ABSTRACT

And so farewell Marco Polo, at any rate for the time being. What can we claim to know about you that we did not know before? Or is it a merely a matter of knowing better what we do not know? You almost certainly existed; although in some respects the testimony of other men, such as Pipino and Peter of Abano, are more certain indications of this than is your book. Your name belongs not with one book but with several, or conceivably with none at all. To accept the last we must suppose Rustichello a liar, which is very possible, for he had both motive and literary precedent, and Pipino also, who did not. Pipino says you lived, you travelled and you wrote a book, and it can therefore be our working presumption that you did so. This does not mean we need believe a word of what you have to tell us in the book. The possibility remains that you went no further east than Iraq or Persia; but it is unlikely, and those who would portray you as a fraud must show it point by point. In any case, it matters less to us that you may not in fact have visited every place you claim because others like you certainly did.

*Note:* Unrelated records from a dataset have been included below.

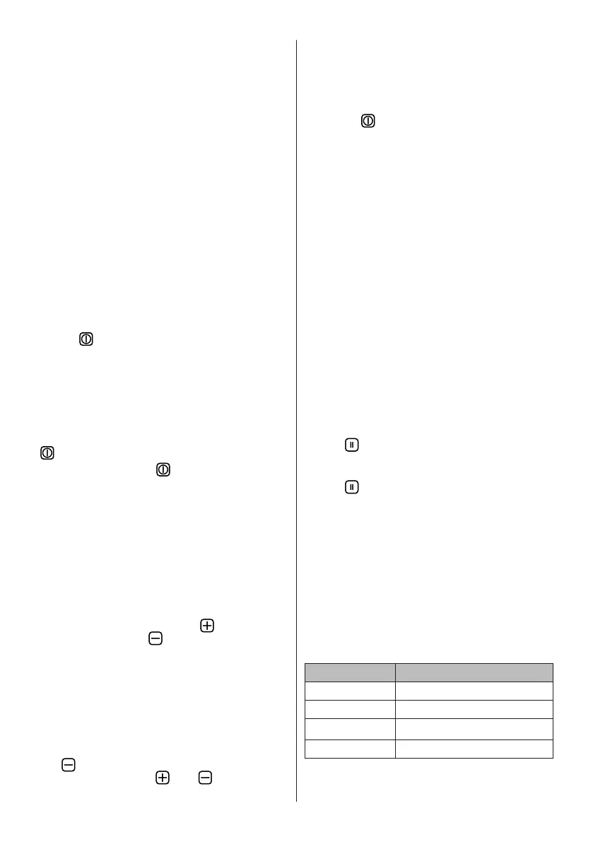 Switch the hob on by pressing the ON/OFF
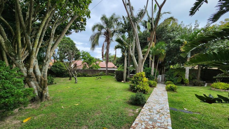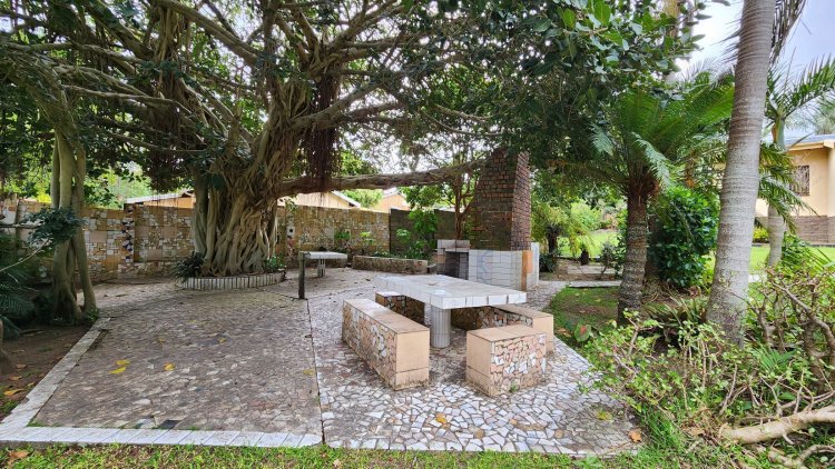 A standout feature of this property is the spacious, pet-friendly backyard. It offers a beautifully crafted braai area with a built-in braai and built-in table finished with elegant mosaic detailing, creating the ideal setting for outdoor entertaining. There is also a practical outside shower, perfect for beach days or rinsing off after gardening.
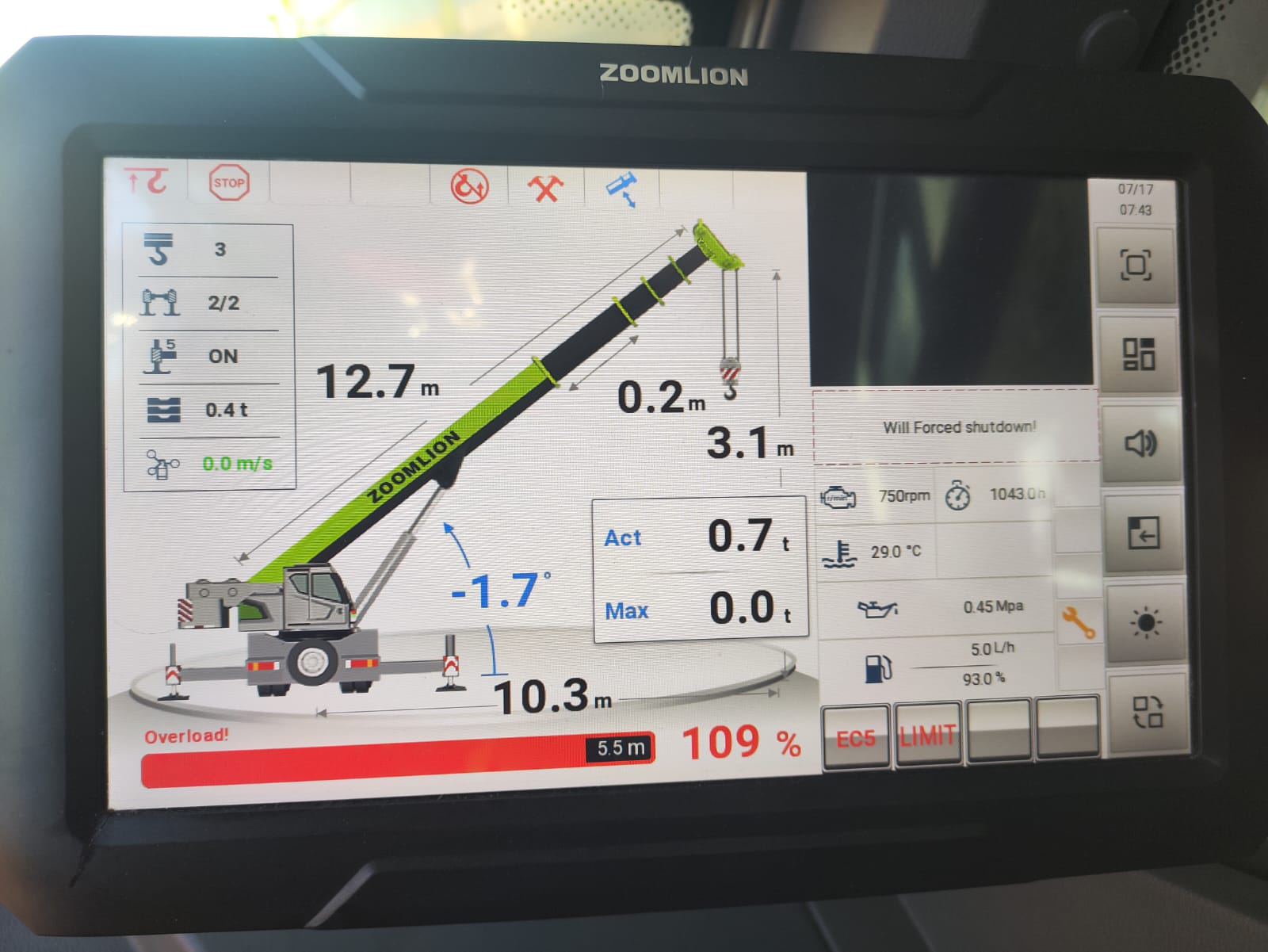 Essa máquina tem 5 eixos, e ela é a mesma que agora etá saindo como 150 ton. Por isso foi adesivada como ZTC150H de 150 ton.

When you left you were a pioneer, your father and uncle even more so; but by the time of your return, twenty years on and more, you can have been less extraordinary. So it is not your travels that make you a remarkable man. You are different from the rest because you produced a book; writing up one's travels was not then a modish thing to do. We need a motive, and the best we have so far puts you and Rustichello in a Genoese prison cell in 1298. But this is only part of it. Once a basic text existed it was tinkered with by copyists and translators, a process in which you may well have had a part. As for the contents of your book, they show you to be very much a creature of your place and time. The place is Europe, not Asia; and, to the 179extent that it is possible to be more precise, the time is the end of the century rather than the years you were away. Posterity was to be more impressed than were your own contemporaries. And what this says to us about you all is now the most important feature of your book, more revealing than the tedious enumeration of Chinese cities or the stories we all have heard before. If we take your book on your terms and allow you to speak for yourself, many of us will be tempted to put it down and reach for something else, and we shall miss much of its historical importance.